10.10.23

essay 3: wawancara tentang disonansi kognitif

 


Nama: Satria Rahman

NIM: 21310410087

Tugas: Essai 3

Nama Tugas: Wawancara ttg disonansi kognitif

Nama Dosen: Dr. Arundati Shinta, MA

 

Dalam dunia yang semakin kompleks ini, kita seringkali dihadapkan pada situasi di mana pengetahuan kita bertentangan dengan tindakan yang sebenarnya kita lakukan. Dalam konteks psikologi, hal ini dikenal sebagai disonansi kognitif. Disonansi kognitif adalah ketidakcocokan antara keyakinan, nilai, atau pengetahuan seseorang dengan perilaku atau tindakan yang mereka lakukan.

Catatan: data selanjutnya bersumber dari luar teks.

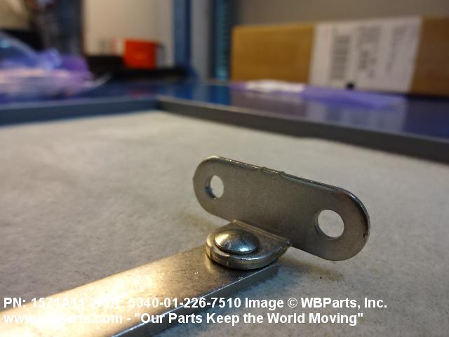 5340-00-737-5327 A device designed to support either a slotted (sliding action) or a hinged device to support in the unfolded or extended position. Commonly used to brace and/or lock into position such items as card table legs, chest lids, folding counters, desk tops and trunk lids.

Fenomena ini telah menjadi topik menarik dalam mata kuliah Psikologi Lingkungan, karena seringkali muncul dalam konteks isu-isu lingkungan.

Dalam upaya untuk memahami lebih dalam mengenai disonansi kognitif dalam konteks lingkungan hidup, saya memilih untuk melakukan wawancara dengan seseorang yang memiliki pengetahuan yang cukup mengenai masalah lingkungan, namun tidak selalu menerapkan pengetahuannya dalam kehidupan sehari-hari. Pilihan saya jatuh pada Bapak Rudi (nama saya samarkan), seorang pengurus bank sampah yang telah lama berkecimpung dalam upaya pengelolaan sampah di komunitasnya.

Bapak Rudi adalah orang yang memiliki pemahaman yang dalam tentang pentingnya pengelolaan sampah yang baik. Selama wawancara, ia dengan antusias menceritakan berbagai metode daur ulang dan pengurangan sampah yang dapat diterapkan dalam kehidupan sehari-hari. Namun, ketika saya bertanya mengenai praktek pribadinya, jawabannya mengejutkan. Meskipun ia memiliki pengetahuan yang luas, Bapak Rudi mengaku bahwa ia sendiri belum sepenuhnya menerapkan praktik-praktik berkelanjutan dalam kehidupannya.

Pertanyaan mendasar yang muncul adalah mengapa seseorang seperti Bapak Rudi, yang memiliki pengetahuan yang cukup, belum mampu mengubah tindakan mereka sesuai dengan pengetahuan itu sendiri. Disonansi kognitif adalah salah satu jawabannya. Bapak Rudi tahu apa yang benar, tetapi masih sulit baginya untuk melakukan tindakan yang sesuai dengan pengetahuannya. Dalam hal ini, pengetahuan dan tindakan berada dalam konflik, menciptakan disonansi kognitif.

Banyak faktor yang bisa menjelaskan mengapa disonansi kognitif seperti ini terjadi. Salah satunya adalah adanya hambatan psikologis seperti kenyamanan dengan kebiasaan lama atau ketakutan akan perubahan. Bagi Bapak Rudi, kebiasaan lama dalam memperlakukan sampah mungkin masih terasa nyaman meskipun ia tahu itu tidak benar. Selain itu, terkadang tindakan berkelanjutan juga memerlukan usaha lebih, baik dari segi waktu maupun sumber daya, dan ini dapat menjadi faktor penghambat.

Pentingnya memahami disonansi kognitif dalam konteks lingkungan hidup agar saya atau kalian yang membaca ini dapat mengidentifikasi faktor-faktor yang mungkin mempengaruhi seseorang untuk tidak bertindak sesuai dengan pengetahuannya. Dengan pemahaman yang lebih baik tentang disonansi kognitif, kita dapat merancang strategi yang lebih efektif untuk mengubah perilaku yang tidak sesuai dengan nilai-nilai dan pengetahuan lingkungan yang benar.

Saya sebagai mahasiswa Psikologi, wawancara dengan Bapak Rudi mengingatkan saya tentang pentingnya tidak hanya memiliki pengetahuan, tetapi juga menerapkannya dalam tindakan sehari-hari. Dalam menghadapi isu-isu lingkungan yang semakin mendesak, mengatasi disonansi kognitif adalah langkah awal penting menuju perubahan nyata dalam menjaga planet kita. Kita semua memiliki peran dalam menjaga bumi ini, dan kita perlu mengatasi disonansi kognitif kita agar bisa bergerak maju menuju perilaku yang lebih berkelanjutan.